The primary criteria for case selection was compliance with the PM service agreement. A community was considered ‘compliant’ when they paid an annual fee in exchange for PM service, and ‘suspended’ when they failed to pay for services. Sixteen community cases were selected; eight were compliant, and eight were suspended. Each selected community had one hand pump facility and varied in terms of number of households being served by the water point, hand pump depth, and an external implementing organization. Community cases were selected from rural areas of two sub-counties in the Kamuli District of Uganda representing different compliance rates: Bulopa and Wankole. In both sub-counties, between 31 and 42% of the hand pumps were under a preventive maintenance service agreement (PMSA) with the PM service provider. Bulopa had an overall high compliance rate (80% of the PMSAs are compliant), whereas Wankole, one of the PM service provider’s first sub-counties in Kamuli, had about half that compliance rate (only 44% of the PMSAs signed are still compliant).
Each selected community had one hand pump facility and varied in terms of number of households being served by the water point, hand pump depth, and implementing organizations. All communities were difficult to access and lacked access to basic infrastructure such as roads, vehicles, and adequate sanitation. Most families in these communities live below the poverty line on subsistence agriculture, with some families building bricks to sell in nearby bigger communities. Illiteracy is high and most families do not have proper housing facilities and lack access to health care and other social services.

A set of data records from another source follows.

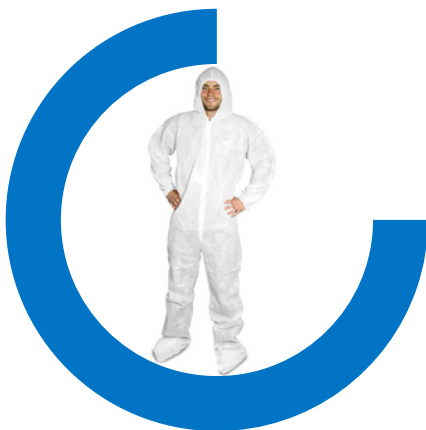
NON WOVEN COVERALL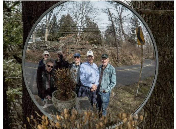
A Walkers' "Selfie" With a cemetery in the background!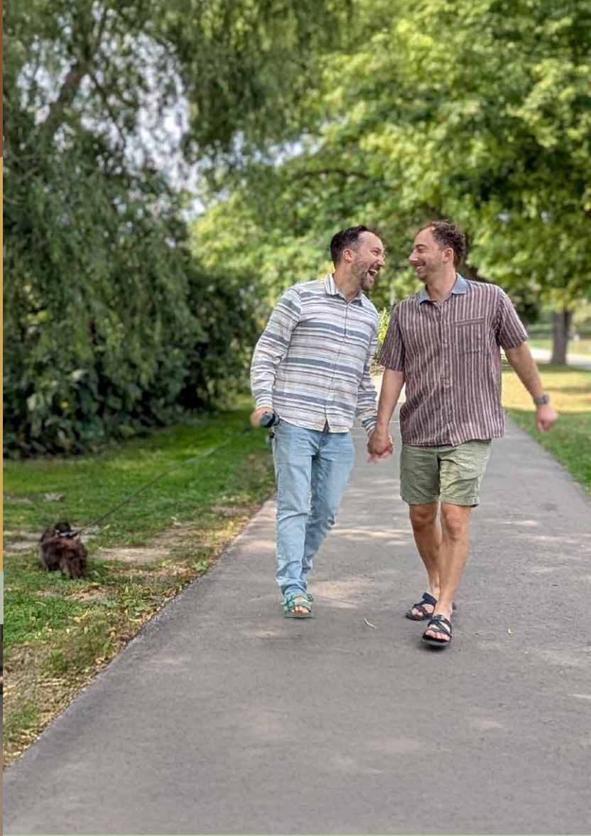
WALKING PEACHES IN THE PARK NEAR OUR HOME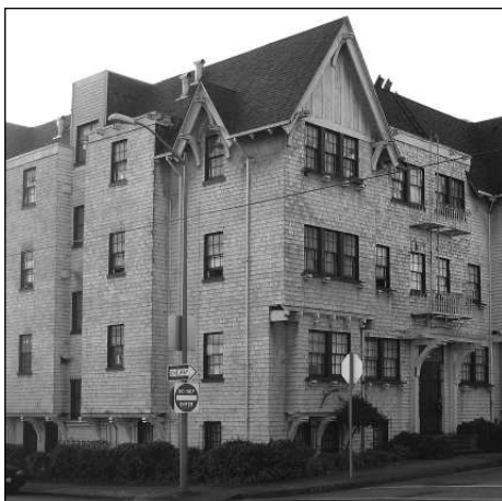
THE A-RATED 1910 Newsom apartment building stands on a prominent corner.

We and the Audubon Society also objected that the plan called for waiving Oakland’s dark-skies standards and encouraging uplighting and large lit signage, despite the area’s proximity to Lake Merritt—a key bird sanctuary, and an important wintering and rest stop on Pacific bird migration routes. ■

2.2. Conditions and Outcomes

An initial list of conditions impacting payment compliance was created from the literature (see Supplementary Table S1, for the definitions of conditions and citations). For example, the literature showed (e.g., [45]; Terry et al. [46]) that the lack of training programs (condition WUC Ongoing Training and Support) can result in poor management and disorganized WUC, which in turn would lead to water users’ mistrust and reduced willingness to contribute with water payments. Another condition identified was Alternative Improved Water Sources, whereby the literature showed that existence of alternative water sources reduces community members’ willingness to pay for water from protected sources [12,17,47,48,49]. These conditions, and the other listed in Table S1, were used to develop the interview questions.

2.3. Data Collection

Data were collected to characterize each condition and system outcomes in each of the sixteen cases through interviews, documentation, and observations. Interviews were conducted with water users, and WUC members and ranged in duration from 45 minutes to one hour. Interviews had a mix of close- and open-ended questions adapted for water users and WUC members. Interview questions were guided by conditions identified in the literature and worded to explore deeper context-specific aspects of these conditions. For example, one question asked “Did the WUC have access to any type of training (condition WUC Training and Support)?” and then asked open-ended follow-up questions to describe nuanced elements of each condition such as, “If yes, what type of training?”. The interview scripts can be found in Table S2. Interviews were collected with a local translator. A total of 40 interviews were conducted; 18 interviews with WUC members and 22 interviews with households.
Available documentation was collected in order to triangulate data from interviews. One such document was a water source baseline assessment report developed by the PM service provider in 2017 [44]. The baseline water source report yielded important information such as water source performance, functionality, and maintenance status. We also took field observations in each community to evaluate the water source condition, functionality, performance, and cleanness of the surrounding area, which could reflect proper use or misuse. For example, to evaluate if the WUC was taking responsibility of the water source, we assessed the general condition of the water source, the drainage channel, and the surrounding area. The general functionality and performance of the water source was also assessed by evaluating the condition of the pump handle and conducting a simple stroke and leakage test [1].
All data collection procedures were in accordance with our IRB-approved protocol (University of Colorado Boulder IRB #18-0063).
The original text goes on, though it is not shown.